Our experience indicates that many women with bipolar disorder, regardless of educational and socioeconomic background, as well as physicians who care for them, are ill-informed about the relative risks of perinatal exposure to psychotropics and the high rates of relapse during pregnancy and the postpartum period without treatment
(3,
9,
10). An important finding was that 37% of the patients chose
not to pursue pregnancy when presented with very similar risk-benefit information on 1) the course and risk of recurrence of illness during pregnancy and the postpartum period and 2) the reproductive safety data of the various mood stabilizers, as compared to the 63% who attempted to conceive. This finding underscores the role of patient autonomy in clinical decision making and the importance of providing information about
competing risks and potential benefits involved so that patients can make informed decisions about pregnancy.

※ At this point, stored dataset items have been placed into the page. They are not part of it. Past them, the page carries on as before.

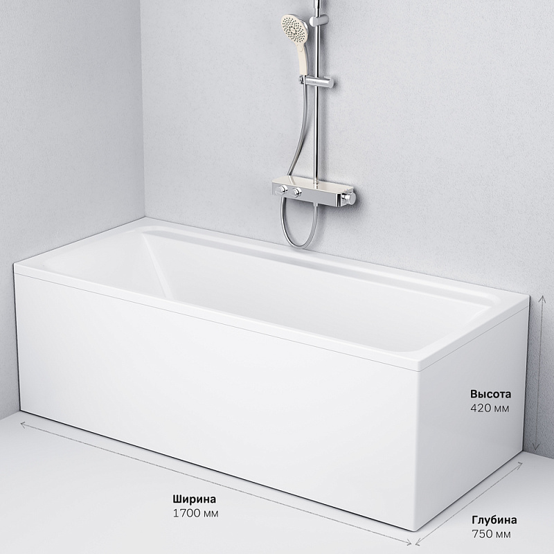 Прямоугольная ванна бренда AM.PM коллекции Inspire 2.0, созданная немецким дизайнерским агентством Design3, обладает стильными и элегантными формами. Размер изделия (Ш/Г/В): 1700x750x420 мм. Цвет – белый глянцевый. Материал - акрил.
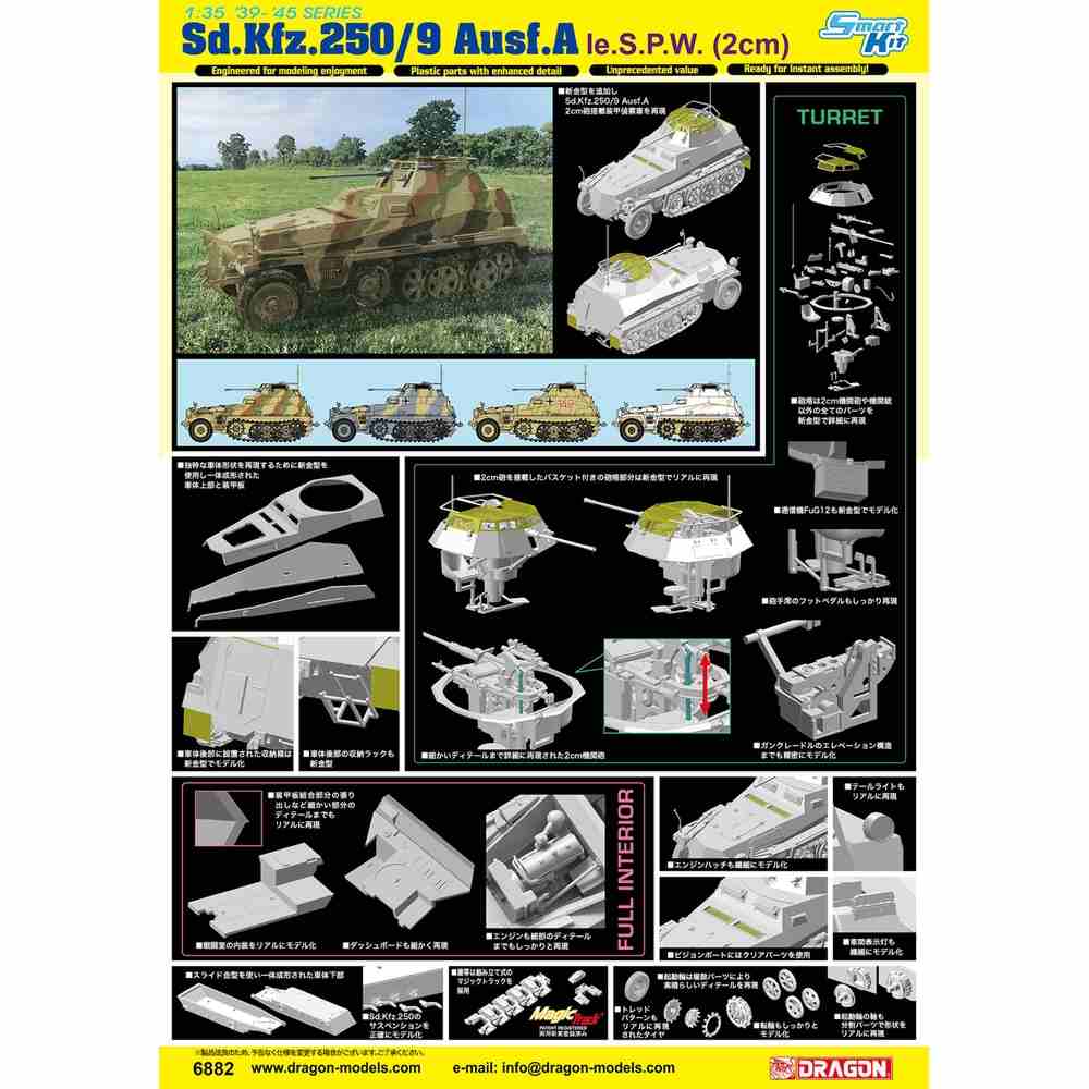 第二次世界大戦でドイツ軍が開発、運用したSd.kfz250/9装甲偵察車を1/35スケールで再現したプラスチックモデル組み立てキットです。
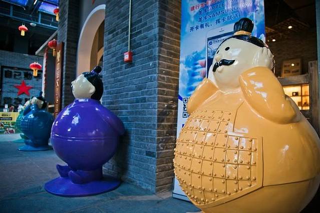 广场上透明玻璃底下就是延安1938的街区,在玻璃上往下看可以看到底下的人。当然,,,穿裙子的菇凉们还是不要在这里挑战极限了。。。

A majority of respondents cited concerns about teratogenic risks as well as risk of recurrence after discontinuing maintenance medication as reasons for deciding against pregnancy. For this study group, both types of risk were given similar weight, but this outcome may reflect the impact of the consultation process itself and recent emphasis on maternal risk of treatment discontinuation in our center
(10). On the basis of our clinical experience, fears about potential teratogenic risks of drug treatment during pregnancy appear still to have a strong restraining effect on both patients and physicians, despite the serious risks of treatment discontinuation in bipolar disorder, which have been appreciated more recently
(6,
7,
10).
The study findings support our impression that providing accurate and
balanced information about treatment options and relative risks, including the limits of current knowledge, can contribute importantly to informed family planning by women with bipolar disorder. We propose, specifically, that judgments concerning “reasonable risks” during pregnancy require shared responsibility but ultimately rest with the patient herself. Moreover, clinicians should resist automatic discontinuation of ongoing psychotropic medication in pregnancy without informing the patient of the considerable clinical risks involved
(6,
7,
10) and taking her wishes about treatment and pregnancy into account. Studies in broader samples of women of childbearing age with bipolar disorder are required to clarify the unique reproductive health needs of this special and understudied population and to develop sound policies for their care.